# looking for a puppy in New England area



## piebald07 (Jun 10, 2014)

Hello everyone,

I am looking for a German Shepherd Dog In the new England area. I have narrowed it down to a few that I am looking at, I was wondering what you could tell me about them. This is my first post but I have been reading all that I can on here. I'll give you some background info and the breeders that I have been looking at.

Our family consists of myself, my wife and our 8 year old daughter. We have a 14 year old niece and 2 nephews (8 & 10) who frequently visit as well as my sister in law and brother in law. We have 2 min pins, a Chihuahua and a cat. 

We recently lost our German Shepherd at 9 years and 8 months. About 3 years ago he had a hemangiosarcoma on his toe, the vet amputated his toe and said that there was a possibility of it coming back and that if it did, chances are it would attack his spleen. About a year ago we has to rush him to the vet because his gums were going white and he was stumbling. The vet did xrays and blood tests, and told us that he was bleeding internally and his spleen was enlarged but it had stopped and he would be okay. So we left happy even though we knew he was on borrowed time we still had our boy. He had this happen a few.times and on April 4th of this year we had to take our beloved boy back to the vet because he was bleeding internally again.

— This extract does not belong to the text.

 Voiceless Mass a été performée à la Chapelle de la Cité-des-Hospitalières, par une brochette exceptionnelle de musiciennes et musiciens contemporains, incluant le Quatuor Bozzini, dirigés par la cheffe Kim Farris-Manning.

The vet said it was his time and we are absolutely devastated and lost without our handsome boy, we miss him so much and we wish everyday that he was here with us. I am thankful that he is not suffering but it doesn't take the pain away. He is gone but never forgotten, he will always be with us in our hearts and our memories. 

We have been looking at breeders in the new England area as we live in Connecticut and we want to be able to drive and meet the breeder, parents and our prospective puppy. I know color is not really important but we love the looks of the sables and the DDR lines. We don't want a dog that has super high drives as he will mainly be a companion and pet. I think a medium drive dog would be a perfect fit for us. We love to take walks, play, swim and train as well as going on outings and car rides. So we are looking for a dog that can go, go, go but relax with us at the end of the day. 

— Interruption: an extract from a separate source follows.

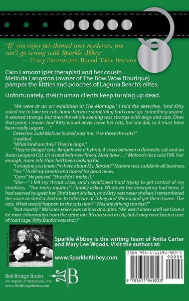 Caro Lamont—pet therapist—and her cousin Melinda Langston—owner of The Bow Wow Boutique—pamper the kitties and pooches of Laguna Beach’s elites. Unfortunately, their human clients keep turning up dead. "We were at an art exhibition at The Montage," I told the detective, "and Kitty asked me to take her cats home because something had come up. Something urgent. It seemed strange, but then the whole evening was strange with dogs and cats. Ones that paint, I mean. And Kitty would never leave her cats, but she did, so it must have been really urgent . . ." Detective Judd Malone looked past me. "Are those the cats?" I nodded. "What kind are they? They’re huge." "They’re Bengal cats. Bengals are a hybrid. A cross between a domestic cat and an Asian Leopard Cat. It’s a relatively new breed. Most have . . ." Malone’s face said TMI. Fair enough, more info than he’d been looking for. "I imagine you know I’m here about Ms. Bardot?" Malone was suddenly all business. "Yes." I held my breath and hoped for good news. "Caro." He paused. "She didn’t make it." "She—" I felt my throat close, and I swallowed hard trying to get control of my emotions. "Too many injuries?" I finally asked. Whatever her emergency had been, it had seemed to upset her. She’d been shaken, and Kitty was never shaken. I remembered her voice as she’d asked me to take care of Tobey and Minou and get them home. The cats. What would happen to the cats now? "Was she driving too fast?" "Not exactly." Malone’s voice was serious and grim. "We won’t know until we have a lot more information from the crime lab. It’s too soon to tell, but it may have been a case of road rage. Kitty Bardot was shot." Sparkle Abbey is the pseudonym of two mystery authors (Mary Lee Woods and Anita Carter). They are friends and neighbors as well as co-writers of the Pampered Pets Mystery Series. The Pen name was created by combining the names of their rescue pets – Sparkle (Mary Lee’s cat) and Abbey (Anita’s dog). They reside in central Iowa, but if they could write anywhere, you would find them on the beach with their laptops and depending on the time of day, with either an iced tea or a margarita. Visit them at www.sparkleabbey.com.

We are also looking for stable nerves and temperament that won't be overly aggressive or see things as a threat that shouldn't be. A protector if he had to be but a lover while.with his family. We are also trying to find a breeder who tests for HD/ED, DM and hopefully a breeder who produces dogs without allergies. I know this is a long post and I apologize but I wanted to give as much info as possible because I want to be sure we find a good fit for our family as well as our future puppy. 

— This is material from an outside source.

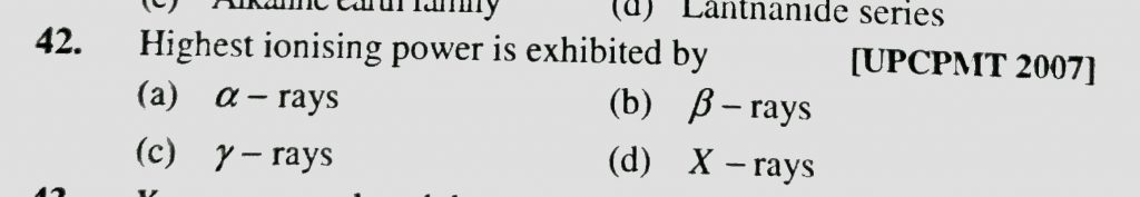 Highest ionising power is exhibited by (a) Alpha – rays (b) Bita – rays (c) gamma – rays (d) X – rays Highest ionising power is exhibited by (a) Alpha - rays (b) Bita - rays (c) gamma - rays (d) X - rays February 14, 2021 Category: Uncategorised (JEE Advanced Physics by BM Sharma + GMP Solutions) , Facebook Messenger WhatsApp Share this:TwitterFacebook Related

We have been looking at Goble Kennels and Von Hena-C. They have beautiful dogs and test. 

I was wondering what your opinions were of these kennels as well as any other that you can suggest. 

I have attached some pictures of our handsome boy.

Thank you,

Sheina


----------



## JakodaCD OA (May 14, 2000)

I'm sorry for your loss

I had a male (who has since passed) who's sire was from Von Hena C, I wouldn't hestitate to get a puppy from her. In fact, when I was looking again, before my male passed away, I had wanted to stay somewhat within the lines he was from, she sent me to kleinenhain who had her female, long story short I ended up getting my current GSD from Kleinenhain. Love her to death, but she has more czech/slovak than DDR than my last male. 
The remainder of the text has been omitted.